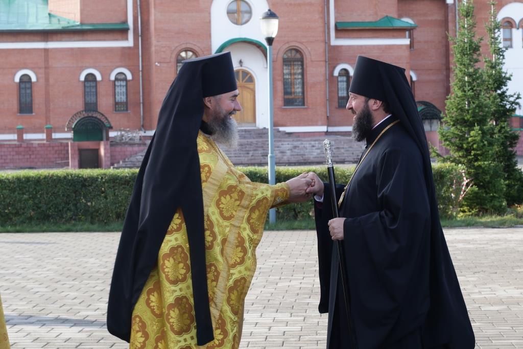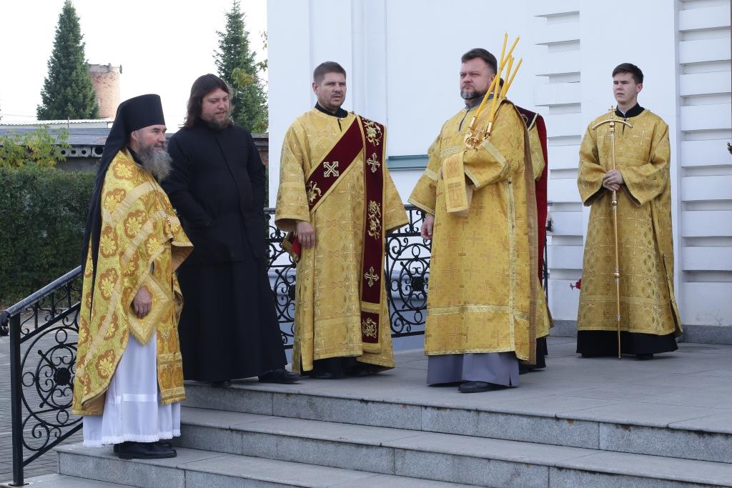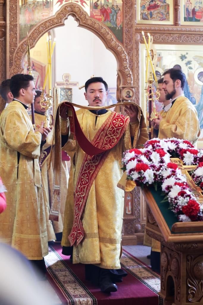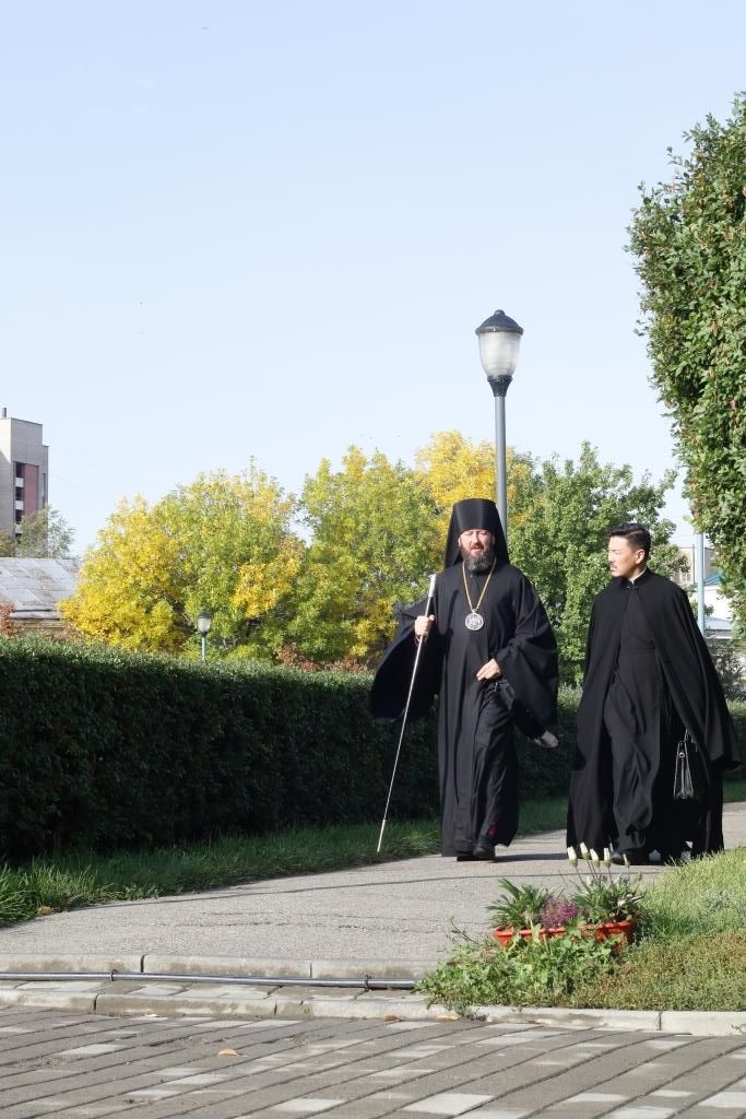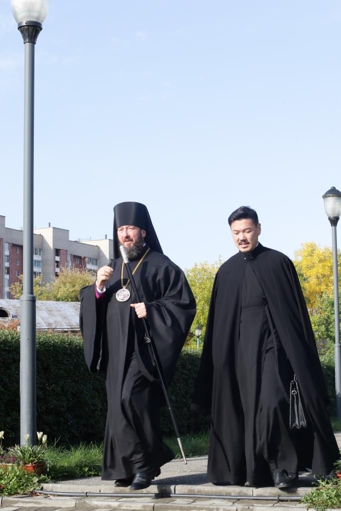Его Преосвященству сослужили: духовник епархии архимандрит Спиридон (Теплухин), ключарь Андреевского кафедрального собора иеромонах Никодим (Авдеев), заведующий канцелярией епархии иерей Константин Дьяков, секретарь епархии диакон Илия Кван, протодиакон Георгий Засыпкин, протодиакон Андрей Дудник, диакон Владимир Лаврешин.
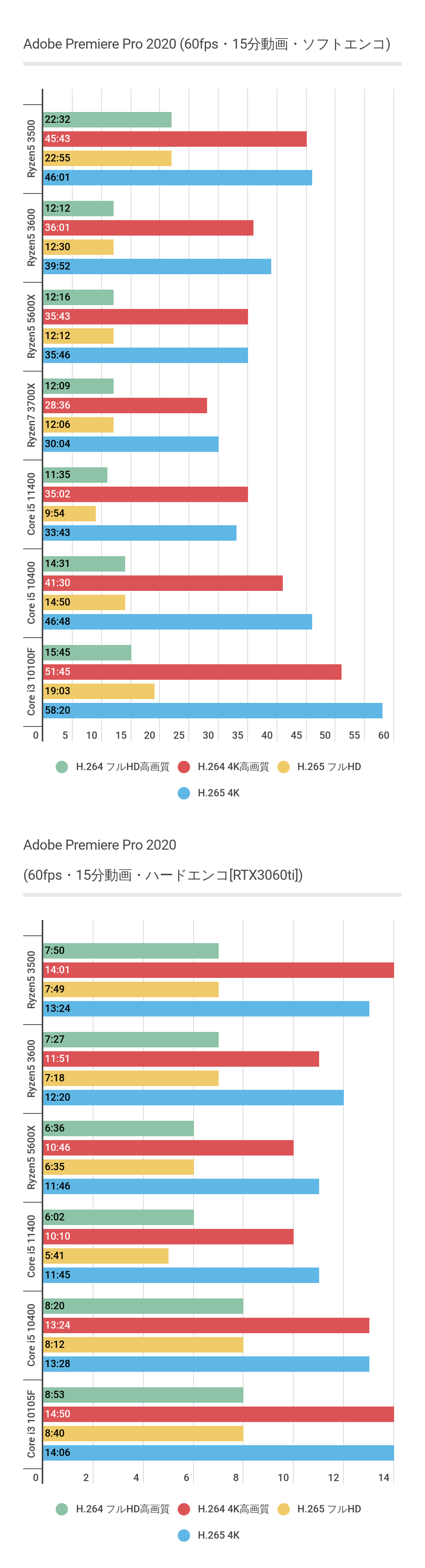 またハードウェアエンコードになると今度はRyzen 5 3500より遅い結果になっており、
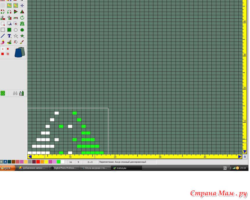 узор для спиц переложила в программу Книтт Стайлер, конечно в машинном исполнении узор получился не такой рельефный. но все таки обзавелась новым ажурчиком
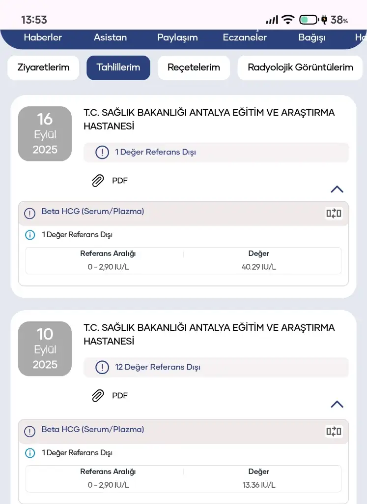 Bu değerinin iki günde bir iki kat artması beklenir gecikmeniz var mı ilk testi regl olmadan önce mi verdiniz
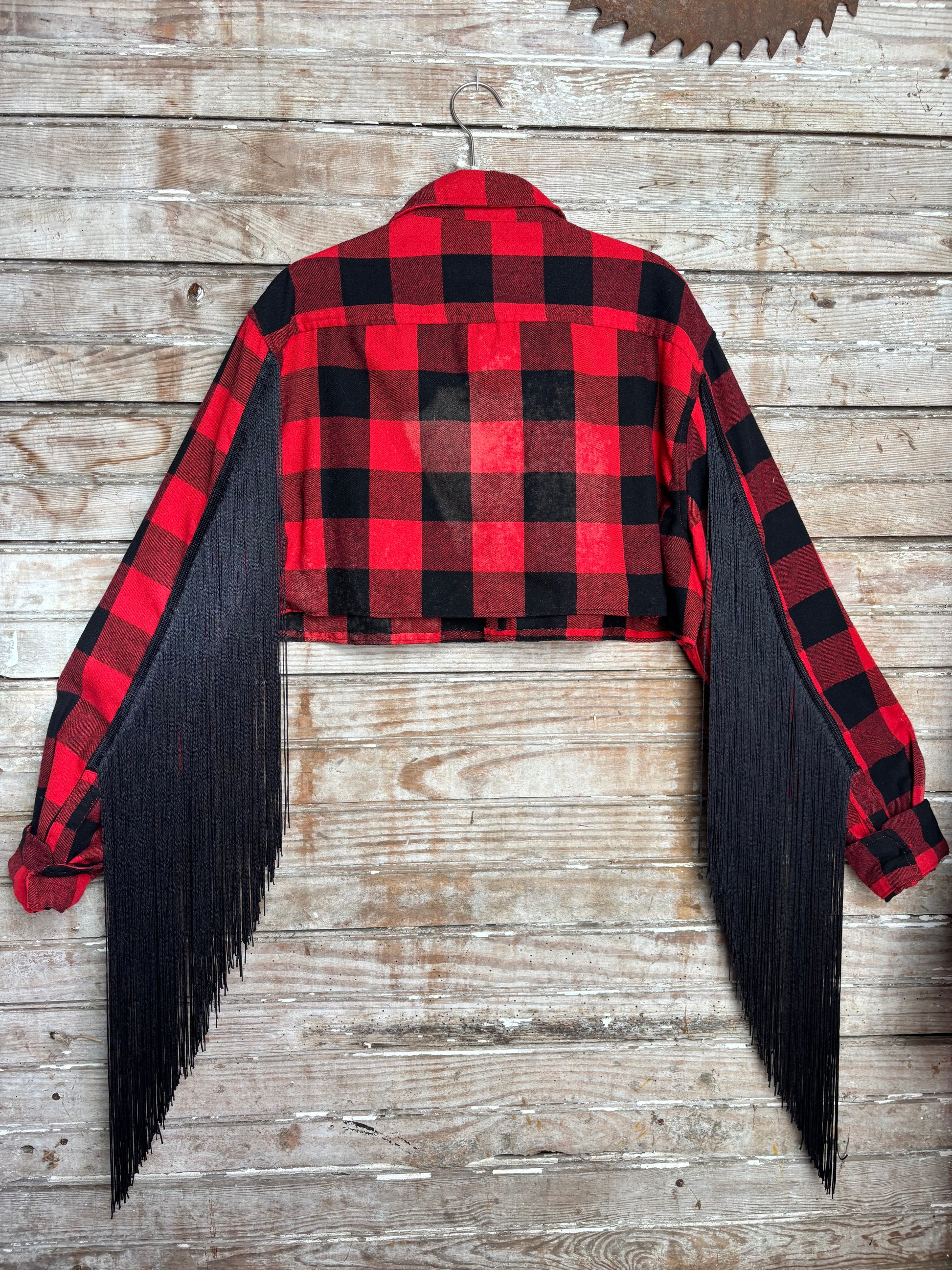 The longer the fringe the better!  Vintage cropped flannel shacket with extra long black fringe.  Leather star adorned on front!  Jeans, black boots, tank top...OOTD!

== == ==

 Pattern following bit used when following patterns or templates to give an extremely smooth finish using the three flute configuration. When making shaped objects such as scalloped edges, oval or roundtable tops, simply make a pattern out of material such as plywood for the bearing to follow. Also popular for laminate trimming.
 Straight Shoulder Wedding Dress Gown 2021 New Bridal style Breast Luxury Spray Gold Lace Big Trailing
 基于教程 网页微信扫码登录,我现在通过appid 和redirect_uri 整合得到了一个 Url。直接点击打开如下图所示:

== == ==

Your answer must be everything above from the line with "Его Преосвященству сослужили: духовник" down to the line with "またハードウェアエンコードになると今度はRyzen 5 3500より遅い結果になっており、", word for word, and no pictures.

### FINISHED TASK
Его Преосвященству сослужили: духовник епархии архимандрит Спиридон (Теплухин), ключарь Андреевского кафедрального собора иеромонах Никодим (Авдеев), заведующий канцелярией епархии иерей Константин Дьяков, секретарь епархии диакон Илия Кван, протодиакон Георгий Засыпкин, протодиакон Андрей Дудник, диакон Владимир Лаврешин.
 またハードウェアエンコードになると今度はRyzen 5 3500より遅い結果になっており、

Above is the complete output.